What to do: Restate all the lines below word for word, but omit the pictures.

Information supplied:

----

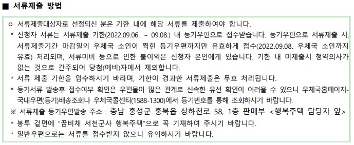 2022.09.06(화) ~ 2022.09.08(목) (등기우편) 발송주소 아래 서류제출방법참고 |
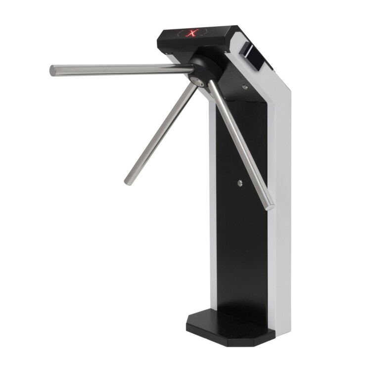 Стоечный электромеханический турникет-трипод 3V Model V. Модель турникета с закрытым нижним кожухом. Подходит для установки на проходных в офисных и административных зданиях. Является более экономичным вариантом турникета-трипода с предусмотренной закрываемой на ключ нишей для установки дополнительного оборудования.
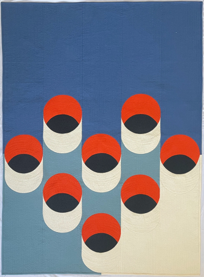 Skee-Ball was inspired by a 1979 poster called Coffee Hour by Jacqueline Casey, Massachusetts Institute of Technology. I was plaining to make a much larger quilt, but after making similar version of this for a twin-size bed and quilting it over a period of months, I opted for a smaller version. I adapted Jenny Haynes’ Twice-cut Drunkard’s Path construction method but with whole circles rather than quarters. To cut and trim the shapes and the background curves I used the Clammy 9” template by Latifah Safir. It was quilted on a stationary machine using rulers.
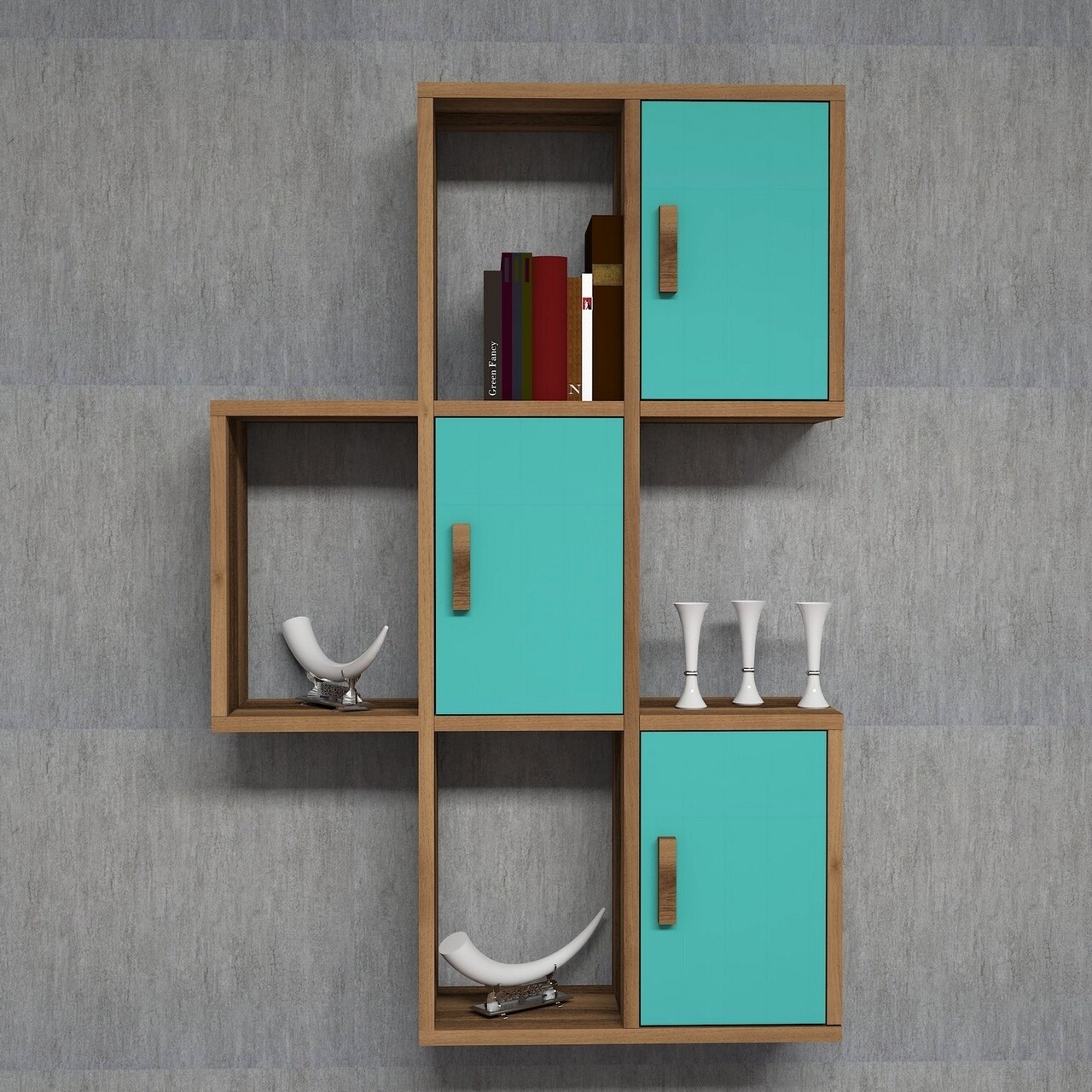 Raft pentru perete Flora, Hommy Craft, 50x20x112.6 cm, turcoaz/maro

----

Exercise output:
 2022.09.06(화) ~ 2022.09.08(목) (등기우편) 발송주소 아래 서류제출방법참고 |
 Стоечный электромеханический турникет-трипод 3V Model V. Модель турникета с закрытым нижним кожухом. Подходит для установки на проходных в офисных и административных зданиях. Является более экономичным вариантом турникета-трипода с предусмотренной закрываемой на ключ нишей для установки дополнительного оборудования.
 Skee-Ball was inspired by a 1979 poster called Coffee Hour by Jacqueline Casey, Massachusetts Institute of Technology. I was plaining to make a much larger quilt, but after making similar version of this for a twin-size bed and quilting it over a period of months, I opted for a smaller version. I adapted Jenny Haynes’ Twice-cut Drunkard’s Path construction method but with whole circles rather than quarters. To cut and trim the shapes and the background curves I used the Clammy 9” template by Latifah Safir. It was quilted on a stationary machine using rulers.
 Raft pentru perete Flora, Hommy Craft, 50x20x112.6 cm, turcoaz/maro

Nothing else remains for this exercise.